Perte de 15% du permafrost

Dans une étude publiée récemment, la doctorante Sarah Morard a examiné toutes les données disponibles sur le pergélisol sur le versant du Stockhorn situé au-dessus de Zermatt (VS). Dans les forages, les températures ont augmenté d’approximativement un degré au cours des vingt dernières années et le point de congélation se situe maintenant plusieurs mètres plus bas dans le sous-sol.

Les mesures de résistivité ont permis pour la première fois de quantifier les pertes de permafrost: entre 2015 et 2022, environ 15% de la glace a disparu.

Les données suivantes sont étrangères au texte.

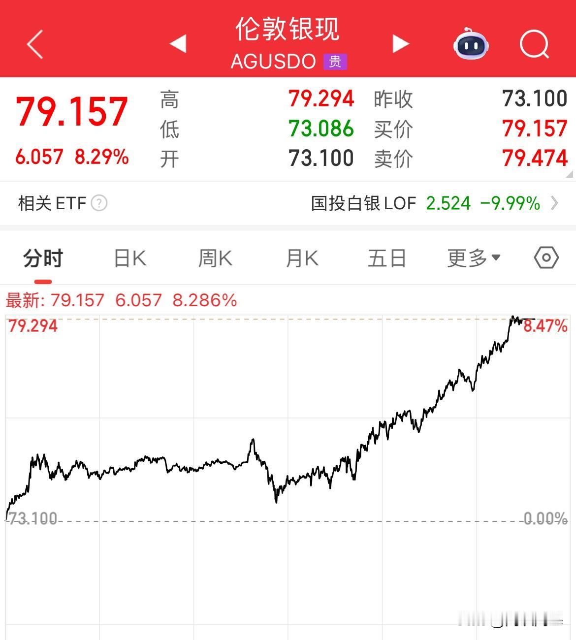 一觉醒来,白银涨疯了,一个晚上暴涨6美元,真是疯了,加速赶顶啊,这样涨100美元都不用几天了,涨懵了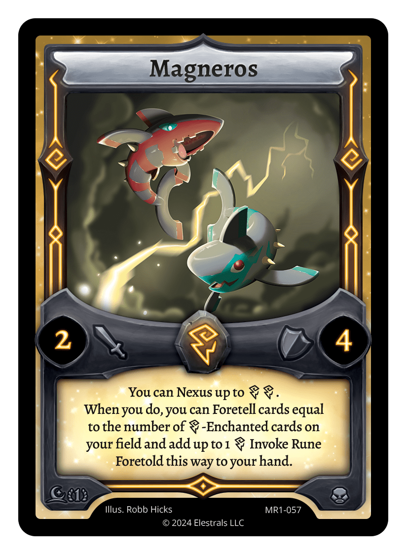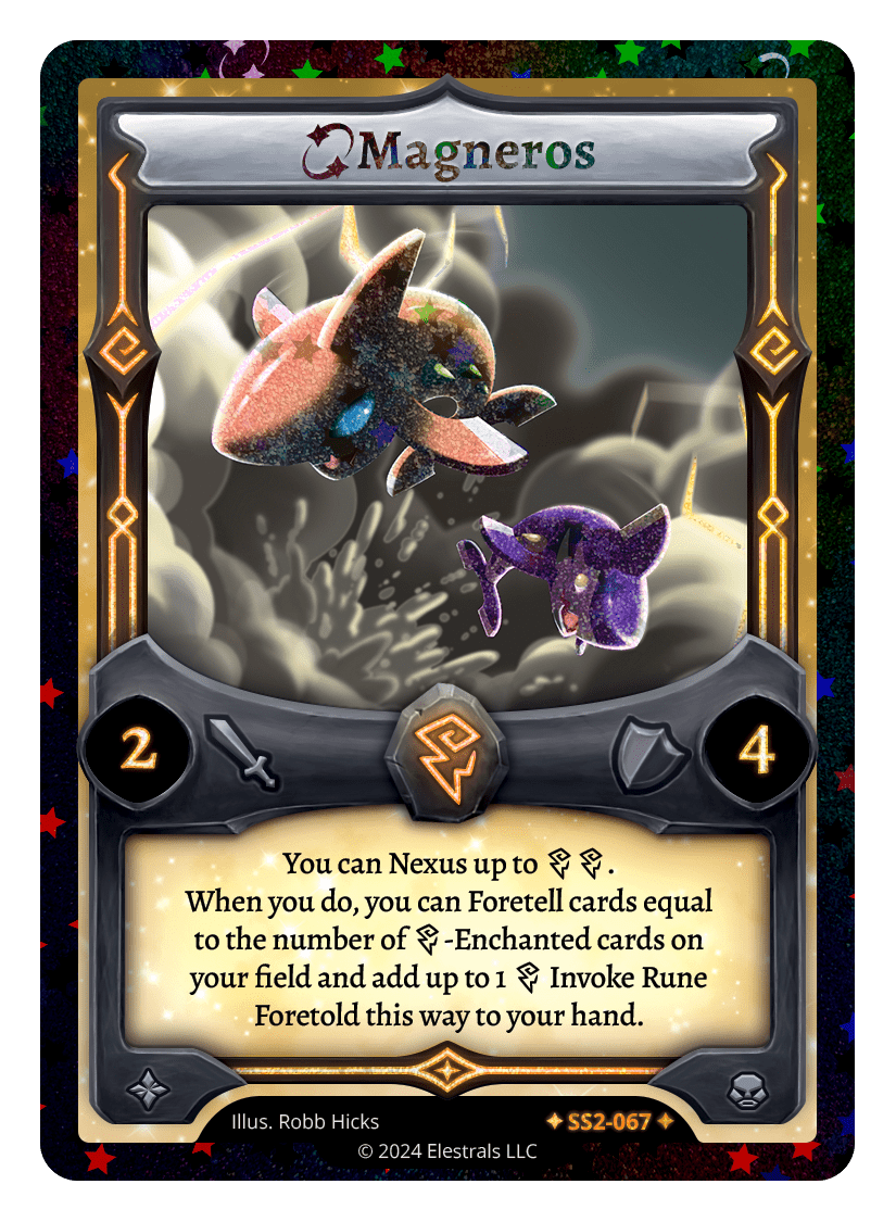 You can Nexus up to {TT}. When you do, you can Foretell cards equal to the number of {T}-Enchanted cards on your field and add 1 {T} Invoke Rune Foretold this way to your hand.

Dans une autre étude, Christian Hauck et sa collègue Christin Hilbich ont analysé des données provenant de mesures de résistivité dans l’ensemble de l’Europe, démontrant ainsi qu’un seul été caniculaire - comme en 2003, 2015 et 2022 - peut conduire à une perte irrémédiable de pergélisol en montagne. Même s’il est suivi par un hiver froid, cela ne suffit pas à compenser la perte.

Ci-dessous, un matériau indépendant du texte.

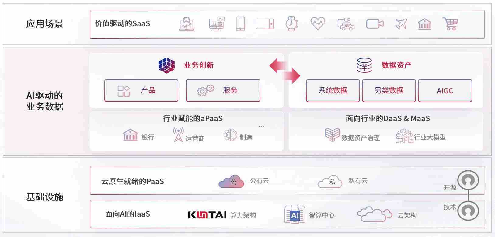 数字时代,,,,围绕企业数字化转型的关键要素,,,hahabet数码开创性的提出数云融合战略和技术体系框架,,着力在云原生、、、数字原生、、AI原生和信创产业上架构产品和服务能力,,,为处在不同数字化转型阶段的快消零售、、汽车、、、、金融、、、、医疗、、、、政企、、、教育、、、运营商等行业客户提供泛在的敏捷IT能力和融合的数据驱动能力,,,,构建跨界融合创新的数字业务场景和新业务模式,,,,助力企业级客户建立面向未来的核心能力和竞争优势,,,全面推动社会的数字化、、、智能化转型升级。。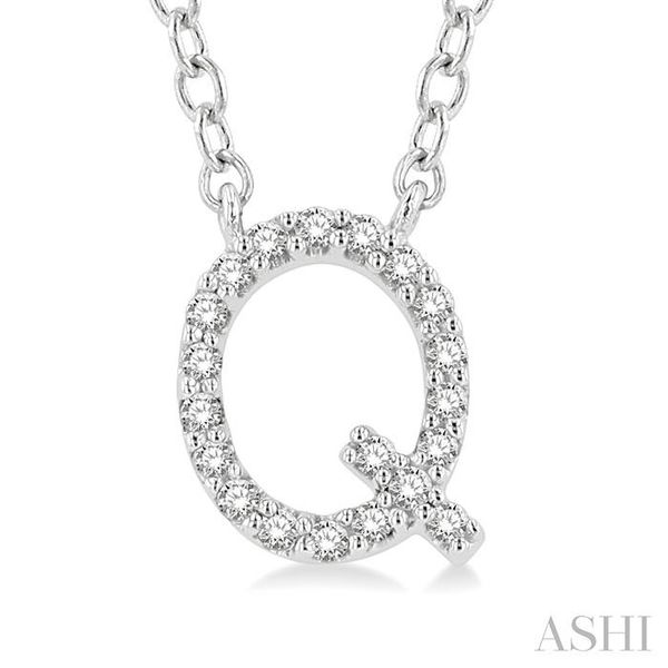 1/20 Ctw Initial 'Q' Round Cut Diamond Pendant With Chain in 14K White Gold Image 4 Becker's Jewelers Burlington, IA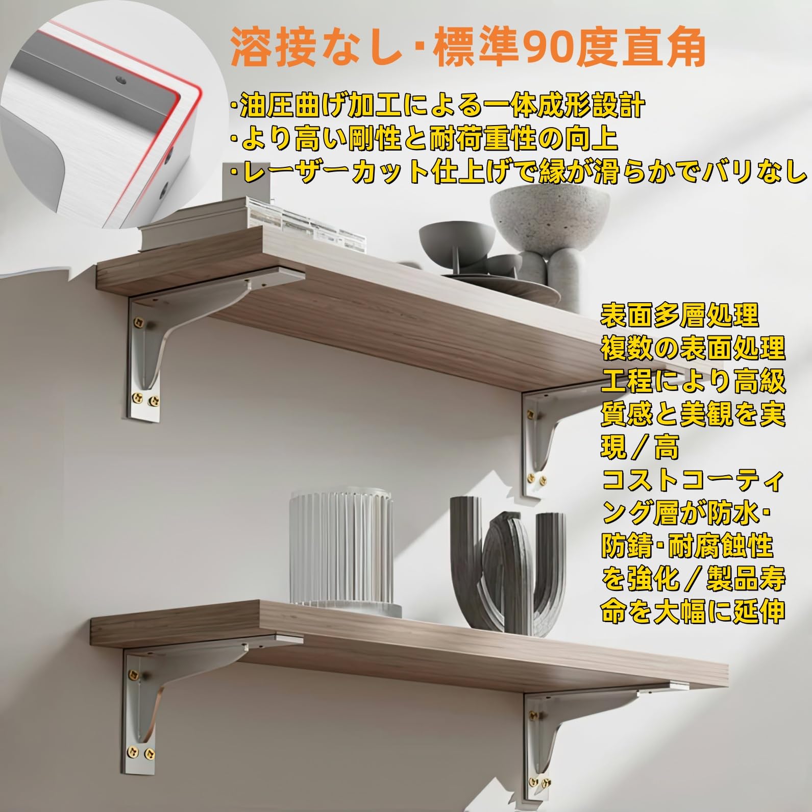 MLOQI 棚受け金具 ブラケット 厚さ5mm 頑丈棚受け 金具 ビス付 最大荷重50KG 隠し棚受け 棚の補強 l字金具 ホワイト(6本 10cm)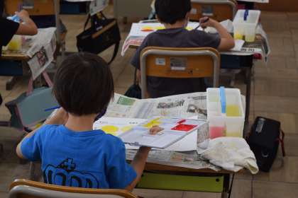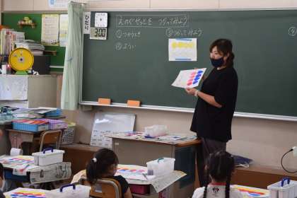 1年生の教室で、絵の具セットの使い方を学習していました。
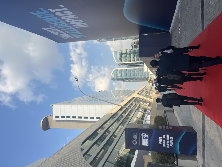 The image displays an outdoor pathway at the Abu Dhabi National Exhibition Centre (ADNEC) complex in Abu Dhabi, United Arab Emirates. Approximately ten to fifteen individuals, predominantly adult males in business attire, walk away from the viewer along a red carpet laid over a paved surface. On the left side of the pathway, a modern building with a curvilinear architectural design and reflective glass facades is prominent. Behind it, a tall, white high-rise building with a distinctive circular structure on its roof is visible. A dark blue vertical banner promoting "ADIPEC" and "ADNOC" with the tagline "WHERE INNOVATION SCALES WITH PURPOSE" stands adjacent to the path. On the right side, a large, dark-colored billboard with the text "ENERGY. INTELLIGENCE. IMPACT." in white and blue lettering is situated. Beyond this billboard, several modern glass-faced high-rise buildings form part of the urban skyline. A street light pole with a curved arm is visible in the mid-ground. The scene is illuminated by natural sunlight under a blue sky with scattered white clouds.

"Il faut vraiment des conditions très particulières pour que le permafrost puisse se reconstituer", dit Christian Hauck. Il faut par exemple qu’il pleuve précisément à un moment où il fait très froid pour que de la glace puisse se former avant que l’eau ne s’écoule dans la vallée. Les données de résistivité permettent désormais d’identifier de tels processus passés et également de faire des prévisions pour l’avenir.

Points de basculement

Le chercheur estime qu’en de nombreux endroits, le pergélisol alpin a déjà atteint le point de basculement ou est en passe de le faire. Ce qui signifie qu’à partir de ce point la disparition du permafrost s’accélère d’elle-même et ne peut plus être arrêtée sans changement significatif du climat.

Suivant les conditions géologiques, cela pourrait donc entraîner davantage de chutes de pierres ou de glissements de terrain. C’est pourquoi il est d’autant plus important d’établir des méthodes pour prédire le plus tôt possible et de manière fiable ces points de basculement, relève Christian Hauck. Les deux études sont publiées dans la revue Environmental Research Letters.